## Records provided

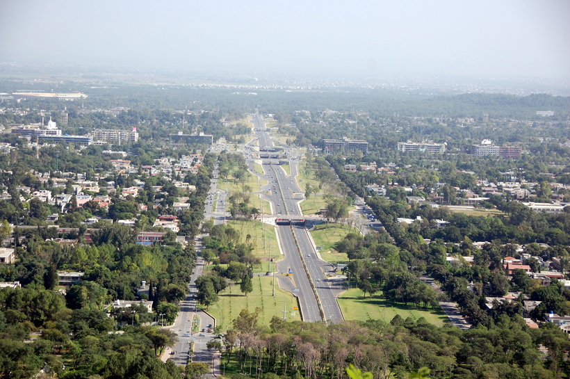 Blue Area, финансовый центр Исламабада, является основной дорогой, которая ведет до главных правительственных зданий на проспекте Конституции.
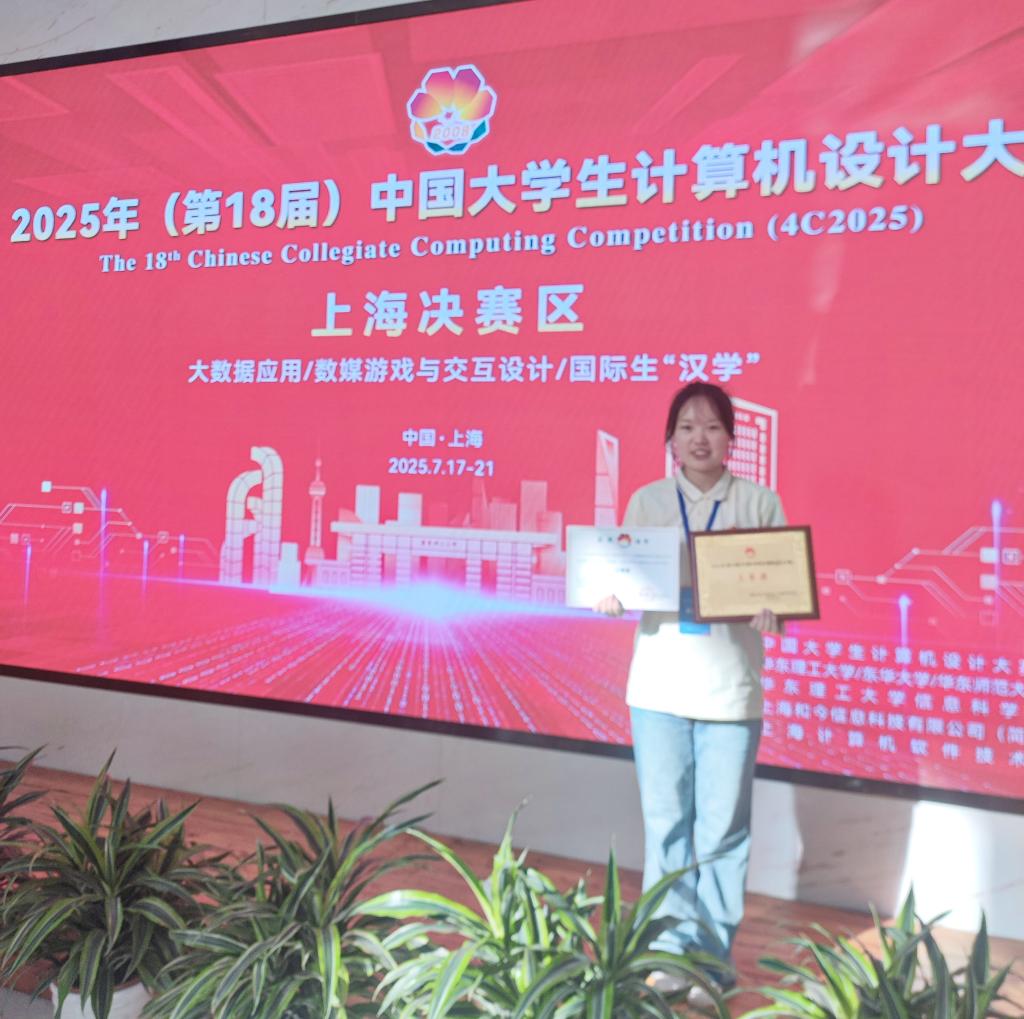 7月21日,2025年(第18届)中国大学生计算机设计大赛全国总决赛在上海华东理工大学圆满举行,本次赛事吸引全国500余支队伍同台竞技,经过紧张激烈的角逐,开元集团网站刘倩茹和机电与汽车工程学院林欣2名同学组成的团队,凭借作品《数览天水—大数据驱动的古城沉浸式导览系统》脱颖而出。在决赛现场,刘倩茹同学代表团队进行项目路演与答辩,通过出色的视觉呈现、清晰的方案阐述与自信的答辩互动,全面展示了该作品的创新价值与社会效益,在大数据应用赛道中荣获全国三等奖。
--
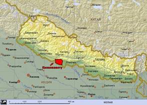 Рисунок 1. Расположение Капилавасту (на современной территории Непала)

## Task prompt
What should come back is an exact copy of the lines above from the line with "Blue Area, финансовый" to the line with "7月21日,2025年(第1", both included, minus the pictures.

## Response for this exercise
 Blue Area, финансовый центр Исламабада, является основной дорогой, которая ведет до главных правительственных зданий на проспекте Конституции.
 7月21日,2025年(第18届)中国大学生计算机设计大赛全国总决赛在上海华东理工大学圆满举行,本次赛事吸引全国500余支队伍同台竞技,经过紧张激烈的角逐,开元集团网站刘倩茹和机电与汽车工程学院林欣2名同学组成的团队,凭借作品《数览天水—大数据驱动的古城沉浸式导览系统》脱颖而出。在决赛现场,刘倩茹同学代表团队进行项目路演与答辩,通过出色的视觉呈现、清晰的方案阐述与自信的答辩互动,全面展示了该作品的创新价值与社会效益,在大数据应用赛道中荣获全国三等奖。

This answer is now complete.